There was an older gentleman in rural Pennslyvania attending a seminar where I was teaching about adversity.  I dared the attendees to believe that hard isn't always bad; rather, it is ripe with good fruit for the picking if we are willing to endure. This gentleman was an unlikely attendee for this particular session marketed mostly to a younger audience. Nevertheless, he listened to every word.

I concluded the talk and was packing up my things.  With tears in his eyes, he came to me as I was wrapping computer cords.  He began telling me about the beautiful fruit grown in the hardest places of his life.  

I put everything down and settled in to hear each word.  He told me first about a flood that nearly took everything he owned.  He described watching the water rise and the fear he had for his children's lives.  He praised the Lord for sparing them.  After the flood, he decided to move to higher ground to re-build his home.  He was a man of meager means, so this home had to be built by hand.  He even borrowed a wood planer from a friend to shape the boards.  Nail by nail and plank by plank, he put back together his life.  He taught his then small daughters the art of construction and roofing, and building a home.  He needed their help.  It was too much for one man.
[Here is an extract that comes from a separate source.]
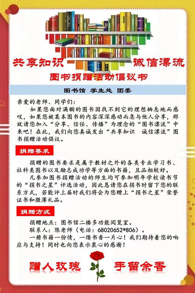 凡参加“知识共享 诚信漂流”图书捐赠活动的师生均可参加明年学校读书节的“捐书之星”评选活动,因此恳请您在捐书时留下您的联系方式,若能评上届时我们将会为您赠上“捐书之星”荣誉证书和微薄礼品。

Little girls and their burly dad put hammer to nail.  And in so doing, they watched God use the labor of their hands and turn it into the place they called home.
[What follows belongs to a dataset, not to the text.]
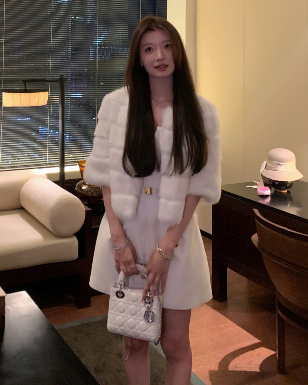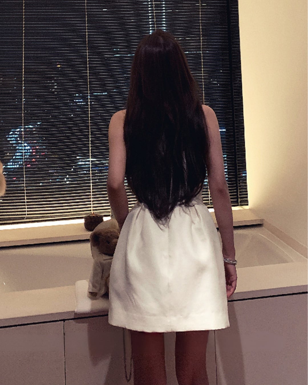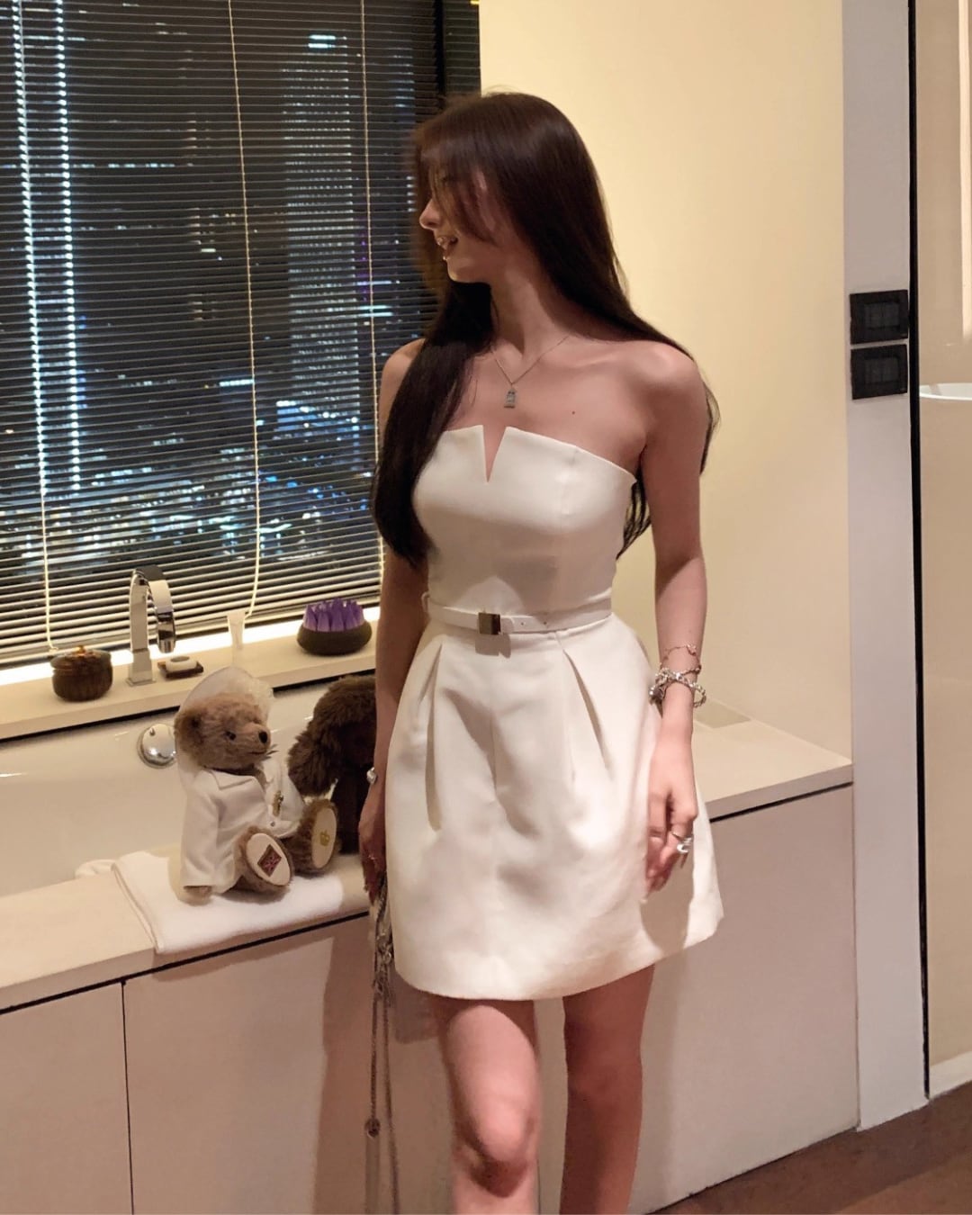 #ビスチェ風 #ミニワンピース #ベルト付きワンピ #大人ガーリー #上品ワンピ #パーティードレス #アイボリーコーデ

He then shared the deep grief of losing and burying one of his grown-up daughters in recent years from illness.  He recounted the heartache of having to sell his precious hand-hewn home.  He said, "that was some of the hardest work of my life, but it was the gift of my life."  It was where his faith and sweat and fatherhood came swirling together, and it was where he experienced first-hand God's unyielding faithfulness.  He didn't regret a moment of the labor, and he seemed to view that devasting flood with tender eyes.  It changed him.  It made him.  It altered his entire life story. It was stunning beauty from absolute ashes.

He chuckled with tears dripping off his rosy cheeks when he proudly recounted the strength and tenacity his daughters embodied through that journey.  It changed them, too.  They grew into strong, assured women that took God at His word. What should have been a dark day of devasting loss ushering a lifetime of hardship turned into a testament of God's faithfulness to bring the most beautiful things from nothing. What was meant for evil, God used for good.

He leaned in and said, "you better believe that I know hard isn't bad.  It is almost always the very best gift."

That gift kept giving at the very moment as we shared a silent understanding of indescribable grace far greater than adversity.  

And it gives on and on.  

May you experience indescribable grace woven throughout the most unlikely places. May you revel in beauty from ashes.